I am a second year PhD student in the Astronomy and Astrophysics group at the University of Warwick, working under the supervision of Dr. David Armstrong. I completed my MPhys degree at the University of Warwick in 2019 and prior to commencing my PhD in 2020, I spent a year working as a Research Assistant in the Astronomy and Astrophysics group.
My research is currently focused on the development of an automated vetting and validation tool for exoplanet candidates from the TESS mission. At its core, the tool employs Machine Learning (ML) algorithms and Bayesian analysis to separate planetary candidates from false positive (FP) detections and validate those with high (>99%) posterior probabilites of being true planetary complanions. This is achieved by training the ML algorithms on a synthetic training set, where simulated transits occuring from planets and other astrophysical FP scenarios have been injected in TESS lightcurves. The alogrithms are then used to classify each candidate accordingly. The ML classification score is combined with computed prior probabilities to derive the posterior probability of the candidate being a true planet.

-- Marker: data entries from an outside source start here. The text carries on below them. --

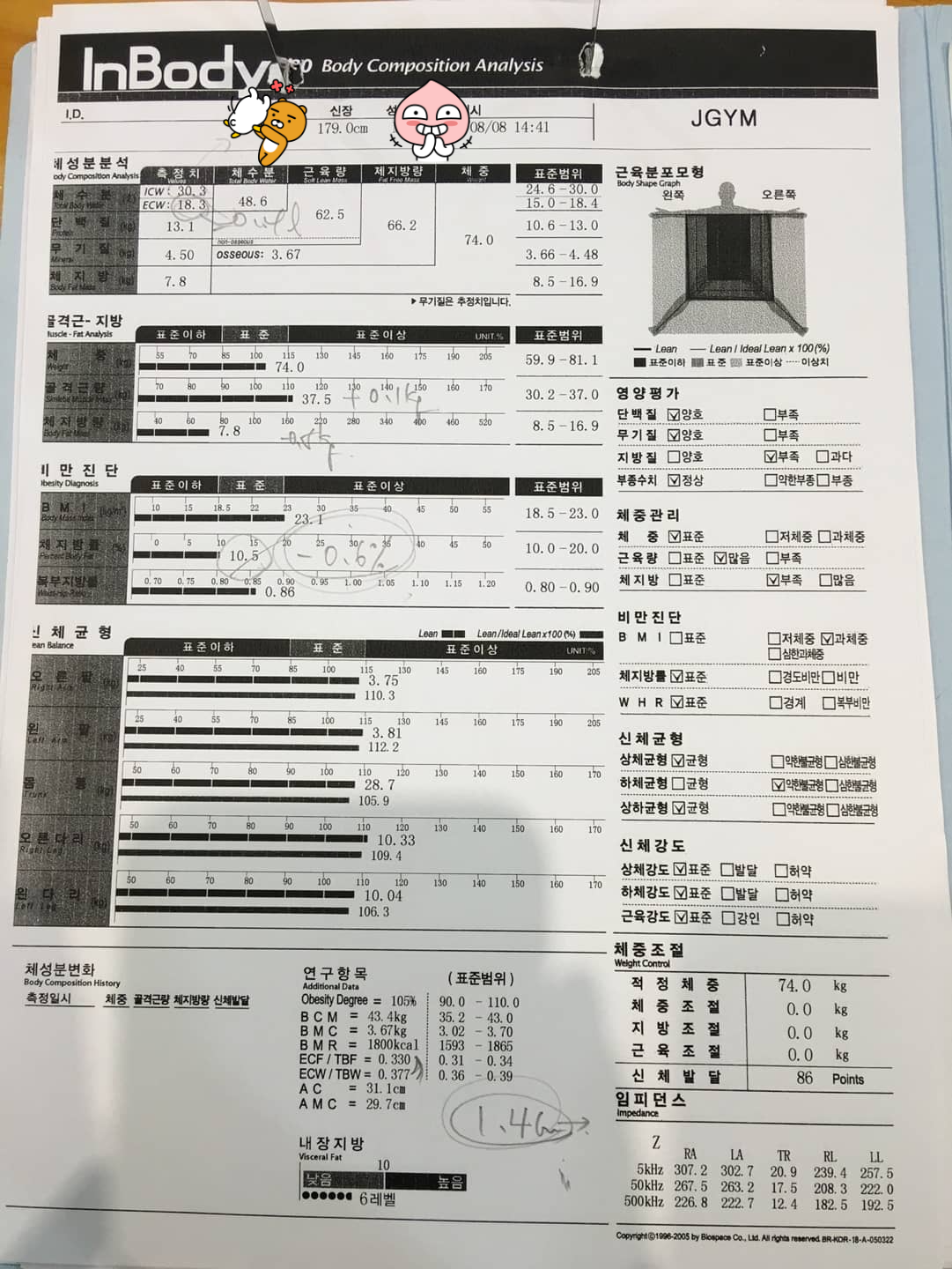 바디프로필 22주 차 인바디 측정 결과
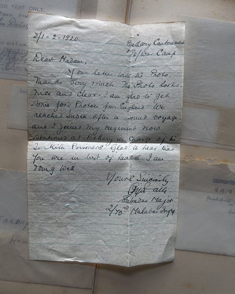 We are thrilled to share another extraordinary letter from our esteemed collection—this time, a precious gem from Punjabi Princess Sophia Duleep Singh's scrapbook. This page features a letter from Ajit Singh, Subedar Major of the 2/73rd Malabar Infantry, written during his tenure at Bellary Cantonment, P/S War Camp. Ajit Singh's letter eloquently conveys his deep admiration for Punjabi Princess Sophia Singh, the esteemed granddaughter of Sher-e-Punjab. He gratefully acknowledges receiving a photograph from her, capturing a moment during his visit to the United Kingdom, which holds profound significance as a cherished memento of their shared history. Notably, Ajit Singh also played a crucial role in overseeing the well-being of Turkish prisoners, exemplifying the vital contributions of Sikhs during World War I.
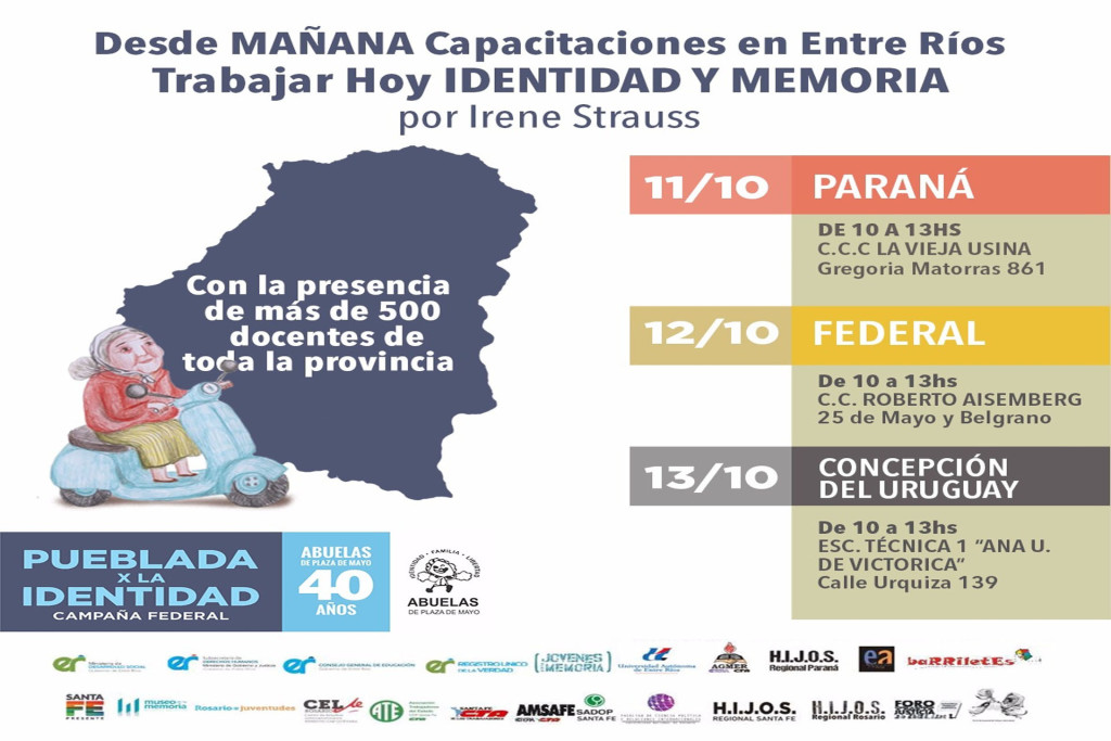 La iniciativa partió de la filial de Abuelas Rosario y se denomina Pueblada x la Identidad. Bajo el lema: “Encendiendo verdades en los pueblos argentinos”, tiene como objetivo llevar el mensaje de búsqueda a todo el territorio nacional, realizando actividades culturales, educativas y deportivas, a partir de las propuestas que acerquen y articulen las instituciones involucradas, e invitando a otras a sumarse (clubes, escuelas, vecinales).
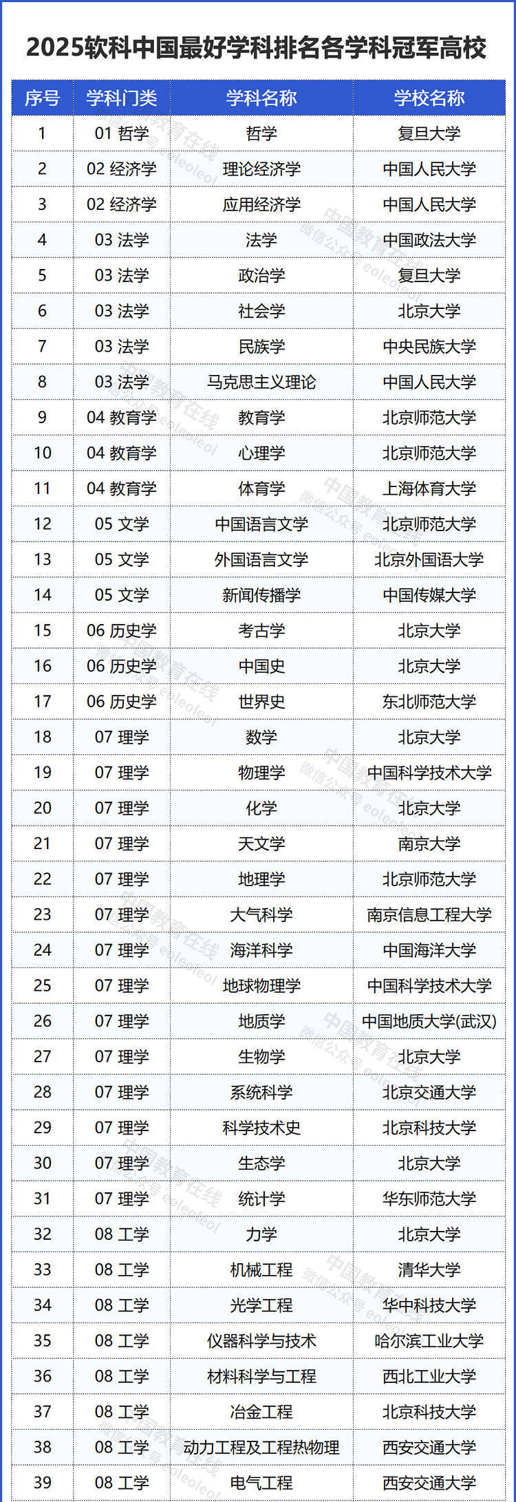本次排名中,共有 58 所高校凭借突出的学科实力 “突围”,成为各学科领域的 “冠军校”,不同类型高校的优势学科特色鲜明:
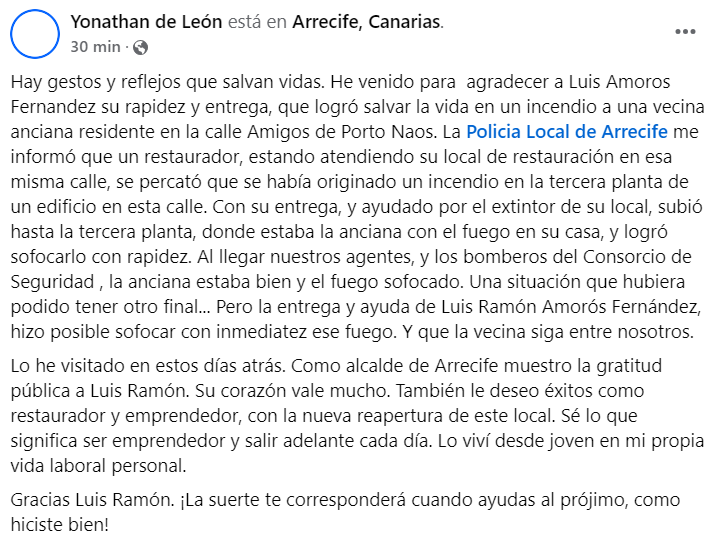 Según relata el alcalde de Arrecife, Yonathan de León, "La Policia Local de Arrecife me informó que un restaurador, estando atendiendo su local de restauración en esa misma calle, se percató que se había originado un incendio en la tercera planta de un edificio en esta calle. Con su entrega, y ayudado por el extintor de su local, subió hasta la tercera planta, donde estaba la anciana con el fuego en su casa, y logró sofocarlo con rapidez.
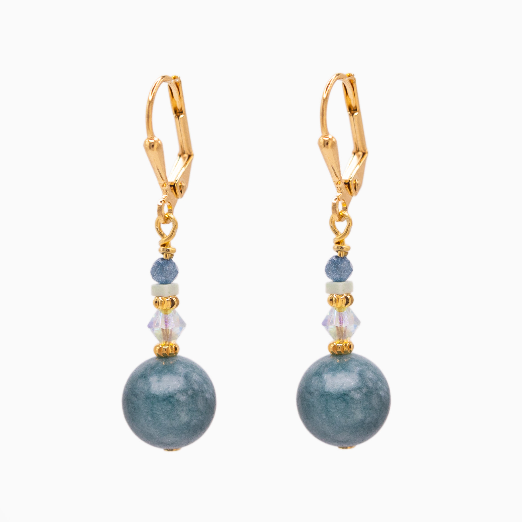 Inspired by the gentle rhythm of the Atlantic Ocean, the Atlantic Drift Aqua Linear Earrings are a refined blend of movement, colour, and light. Handcrafted in Ireland, these elegant earrings feature soft aqua tones, sea-inspired blues, finished with warm gold accents and sparkling Swarovski Crystals.
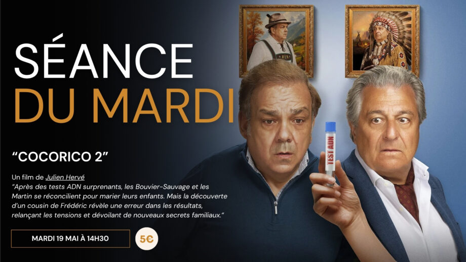 Diffusion spéciale Séance du Mardi "COCORICO 2" De Julien Hervé Avec : Christian Clavier, Didier Bourdon, Sylvie Testud "Après avoir découvert la vérité sur leurs origines, grâce à des tests ADN aux résultats pour le moins surprenants, les Bouvier-Sauvage et les Martin décident d’enterrer la hache de guerre, pour organiser le mariage de leurs enfants. Mais c’était sans compter sur un imprévu de taille : un cousin de Frédéric a été retrouvé grâce aux tests… Révélant que les résultats étaient erronés. Les deux familles vont découvrir que leurs ancêtres n’ont pas fini de les surprendre !" TARIF UNIQUE : 5€ #Séancedumardi #Cinebisca #Biscarrosse
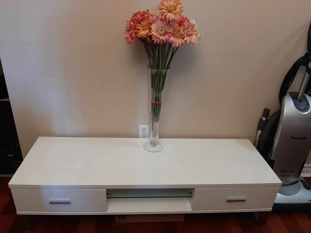 This TV stand is a modern and sleek piece of furniture, perfect for any living room. includes two drawers and a glass shelf.
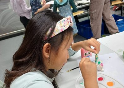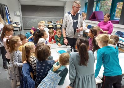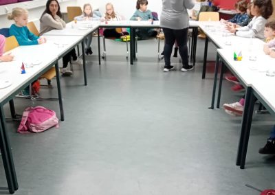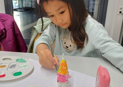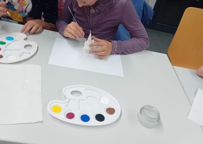 Diesmal war die Kreativität der Kinder gefragt. Sie stellten mit den Anleitern handbemalte Rapswichtelkerzen und Kinderseifen her.

My past work as a Research Assistant involved the devlopment of an automated tool to map flooding events detected in radar observations from the Sentinel satellites of ESA's Copernicus Programme. This included the creation of an algorithm to detect flooded pixels in optical satellite images, which were used as visual ground truth, and the employment of ML algorithms for the classification of flooded pixels in the radar images. The tool was developed as a pipeline framework, taking satellite radar images before and during the flood as input, processing them to create and extract the necessary features, applying the ML classification and then writing the resulting scores as additional pixel-level data in the original images.